結論: この2型糖尿病患者を対象とした全国コホート研究において、GLP-1RAの使用はPUDのオッズを44%低下させることと関連していました。傾向スコアをマッチングさせたサブグループでは、第二選択療法としてGLP-1RAに切り替えることで、インスリンと比較してPUDのハザードが56%低下しました。これらの知見は、GLP-1RAの使用とPUDリスクの低下との関連を示しています。

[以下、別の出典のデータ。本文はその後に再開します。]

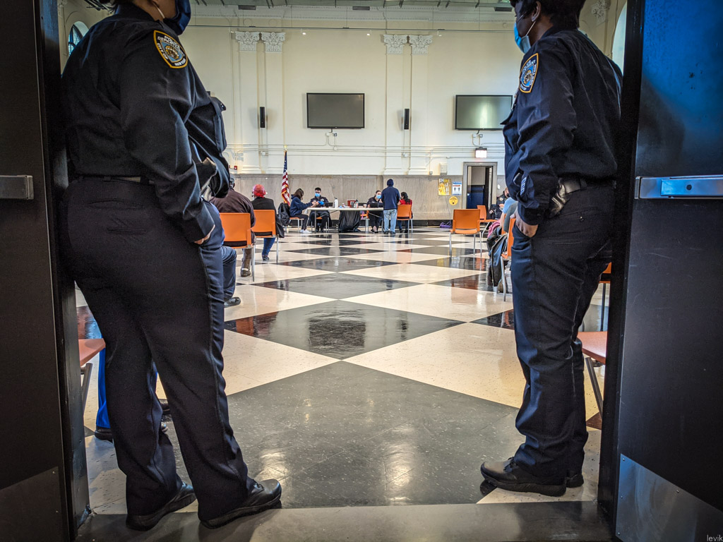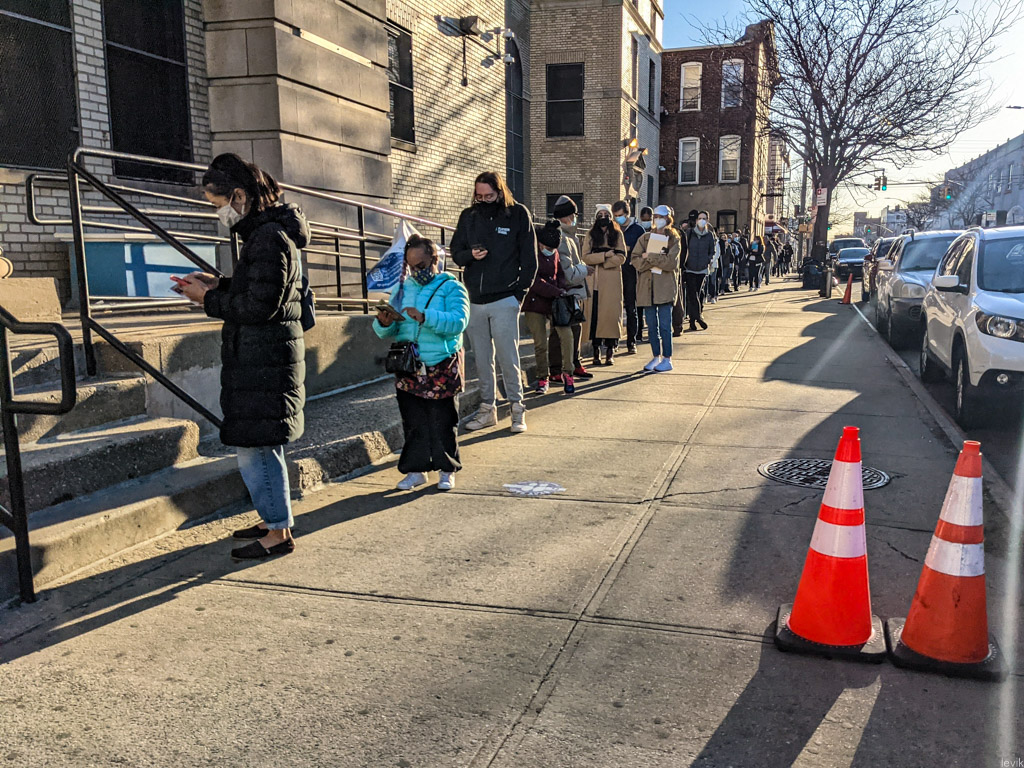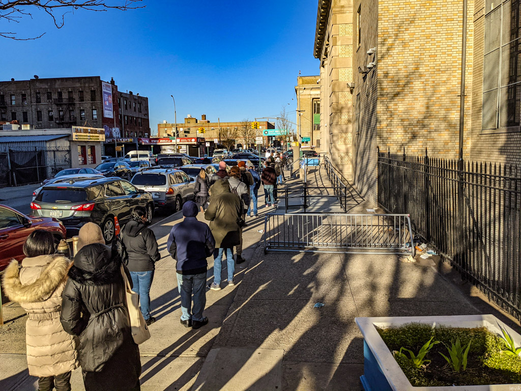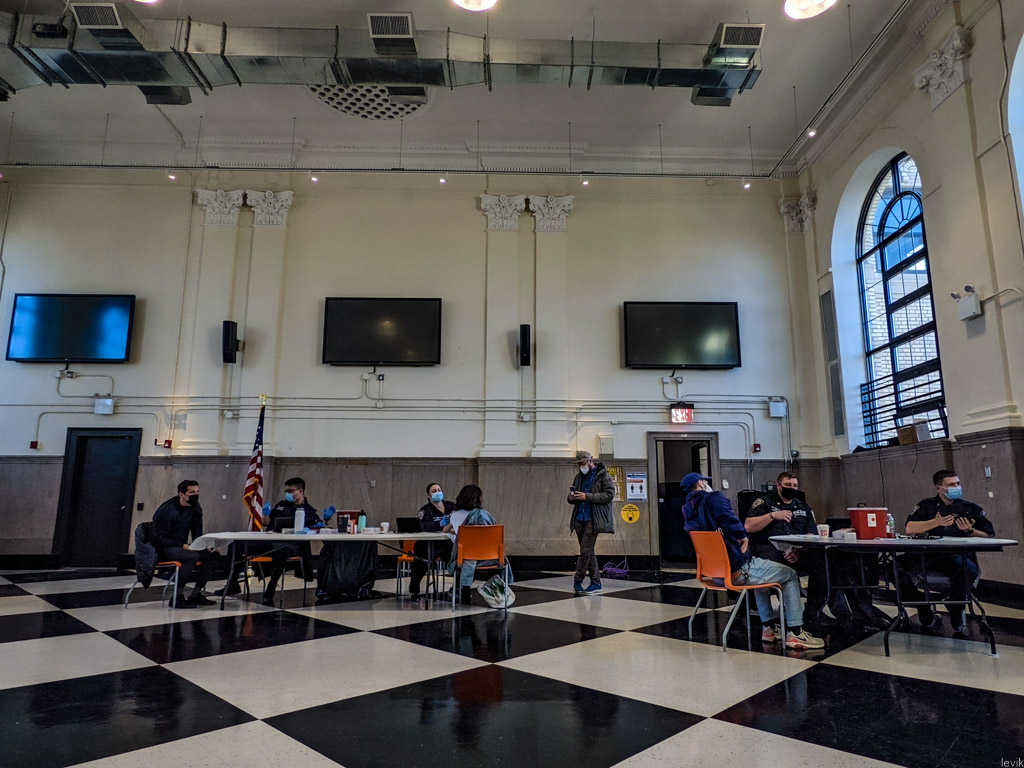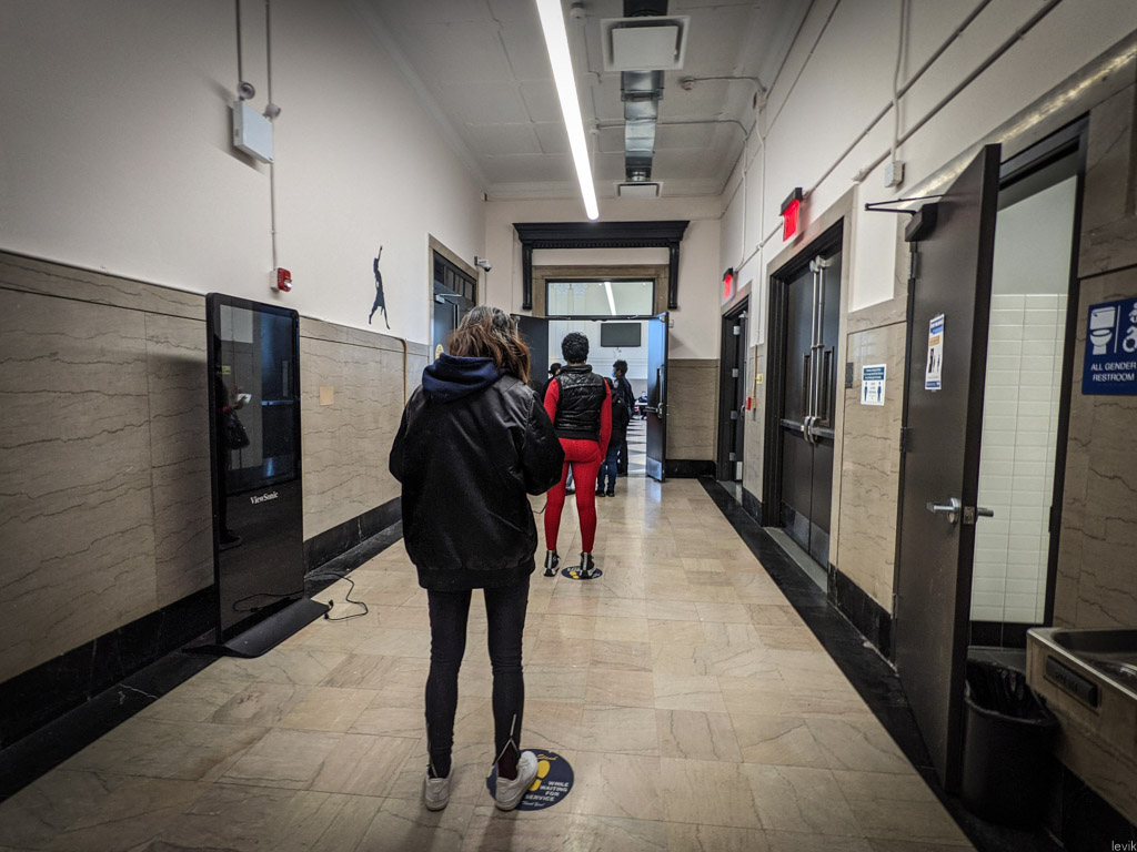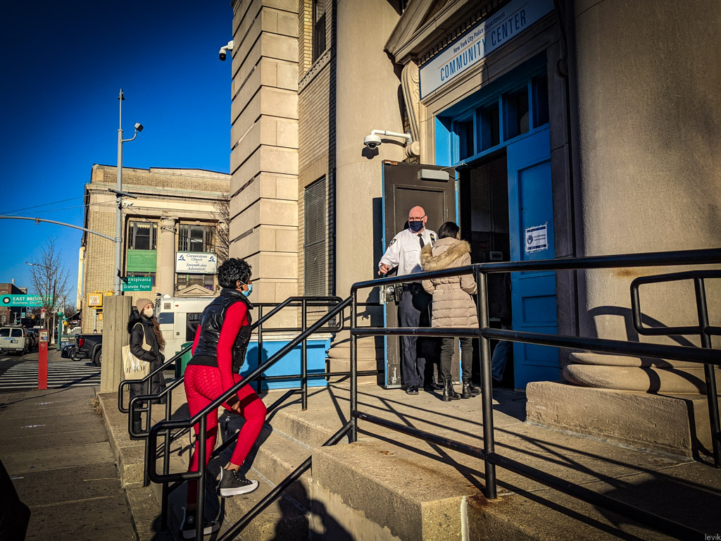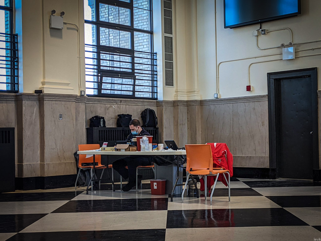 8. Здесь образовалась ещё одна небольшая очередь. Девушки с компьютерами проверяли у всех бумажки и удостоверения, находили людей в системе, так что никто с улицы зайти не мог. Однако, никаких других подтверждений не спрашивали - то есть, если ты наврал, что работаешь медиком, то тебя могли бы привить не проверяя, даже если ты моложе нужного возраста. Я вообще заметил, что у нас в Нью Йорке всякие такие коронавирусные правила не очень энфорсят, оставляют на честное слово.

キーワード: グルカゴン様ペプチド1受容体作動薬、消化性潰瘍疾患、2型糖尿病、グルカゴン様ペプチド1受容体作動薬

引用文献

Glucagon-like Peptide-1 Receptor Agonists Are Associated With a Lower Risk of Peptic Ulcer Disease: A Nationwide Cohort Study
Philippa Seika et al. PMID: 40865627 DOI: 10.1016/j.cgh.2025.08.015
Clin Gastroenterol Hepatol. 2025 Aug 25:S1542-3565(25)00735-9. doi: 10.1016/j.cgh.2025.08.015. Online ahead of print.